The book that was published in 1934 fell considerably short of those aims, and I am grateful to the Viking Press for giving me this opportunity to revise it. I hate to write and love to revise, and the first edition of Exile's Return gave me plenty of scope for practicing my favorite trade of revisionist. When I reread the book carefully for the first time in years, I realized how many gaps there were in the story. The chapter on Harry Crosby was one example; it had meaning in itself but I had failed to show its connection with the rest of the narrative. The intimate reason for that failure was clear enough, in 1951; I had written at length about the life of Harry Crosby, whom I scarcely knew, in order to avoid discussing the more recent death of Hart Crane, whom I knew so well that I still couldn't bear to write about him.

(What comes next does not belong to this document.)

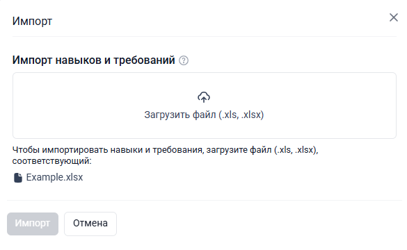 - В открывшемся окне скачать файл Example.xlsx и заполнить его данными по навыкам, и требованиям к ним в рамках штатных единиц;

The whole conclusion of the book was out of scale with the beginning; and there were also the political opinions that intruded into the narrative. I had to explain to myself, before explaining to the reader, that the book was written in the trough of the depression, when there seemed to be an economic or political explanation for everything that happened to human beings. "The trough of the depression," I have just said, taking the first phrase that came into my mind; but actually the years 1933 and 1934 were a madly hopeful time when it seemed that great changes in the economic system were already under way. Russia in those days didn't impress us as a despotism or as the great antagonist in a struggle for world power; it was busy within its own boundaries trying to create what promised to be a happier future. "We are changing the world!" the Young Pioneers used to chant as they marched through the streets of Moscow. Here too it seemed that everybody was trying to change the world and create the future; it was the special pride and presumption of the period. We hadn't learned then---nor have most of our statesmen learned today---that human society is necessarily imperfect and may disappear from the earth unless it comes to accept what T. S. Eliot calls "the permanent conditions upon which God allows us to live upon this planet."

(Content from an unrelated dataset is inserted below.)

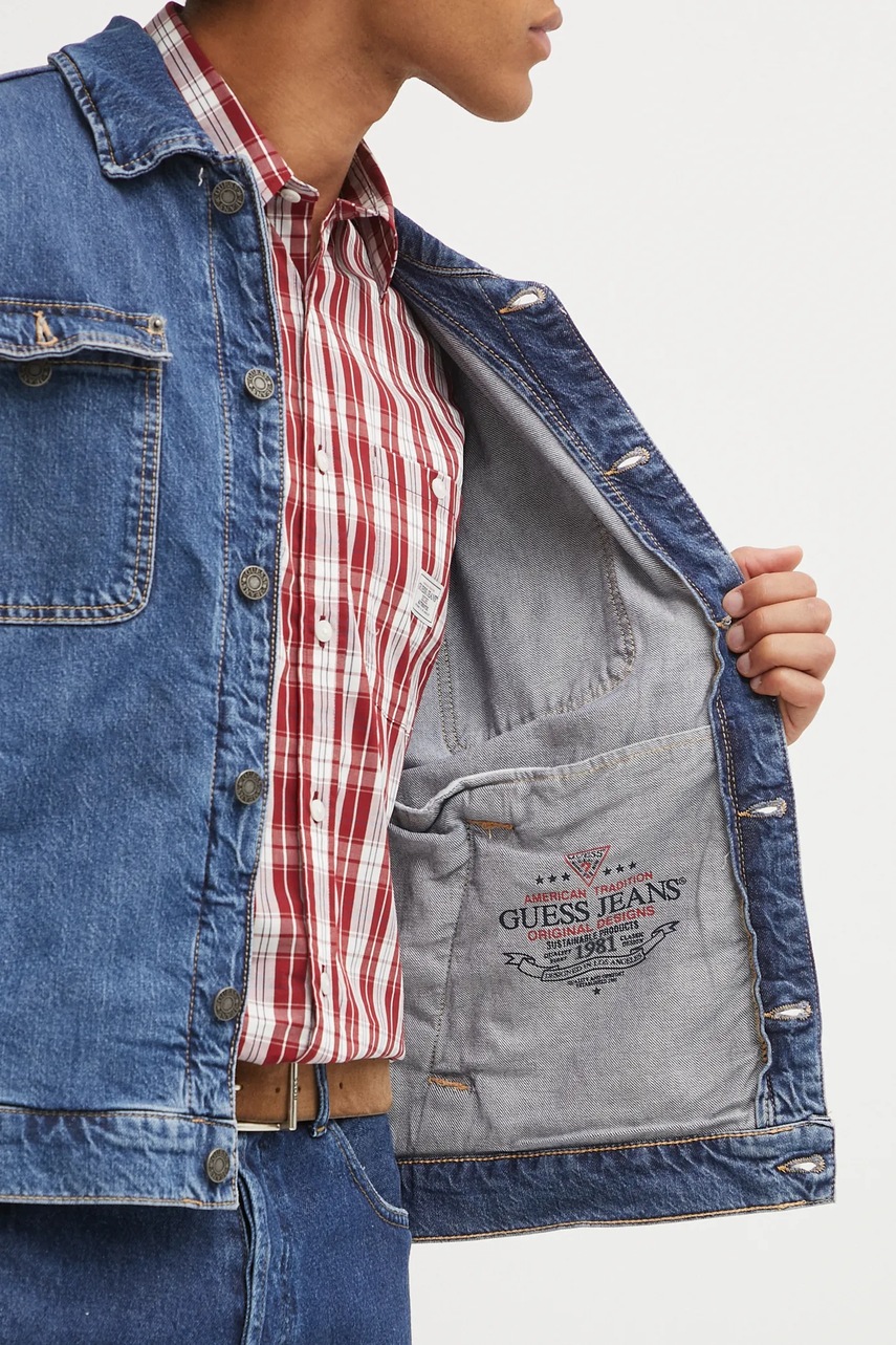 Guess Jeans kurtka jeansowa kolor niebieski przejściowa M5YN50 D5M54

Opinions about the future of society are political opinions. There were not many of them in the book I wrote in 1934, but there were too many for a narrative that dealt with the 1920s, when writers were trying to be unconcerned with politics, and I have omitted most of them from the new edition. I have expanded the last part of the book, to bring it into scale with the beginning (besides putting Harry Crosby into the right perspective), and I have written a new epilogue to round out the story. On the other hand, while adding new episodes here and there, I have left most of the narrative untouched, out of a feeling that myself in 1934 had as good a right to be heard as myself today; where he went wrong I would rather have others correct him. It seems to me now that many characters in the story, myself included, did very foolish things---but perhaps the young writers of the present age aren't young or foolish enough and, once out of college and the army, settle down too safely to earning a sensible living. Moreover, there is this to say about the foolishness of writers in the 1920s, that even the worst of it caused no suffering except to the perpetrators of the foolishness and their immediate families. It wasn't like the statesmen's high-principled foolishness of later years, in all countries, which has left them in office while bringing the rest of us to the brink of something we aren't prepared to face.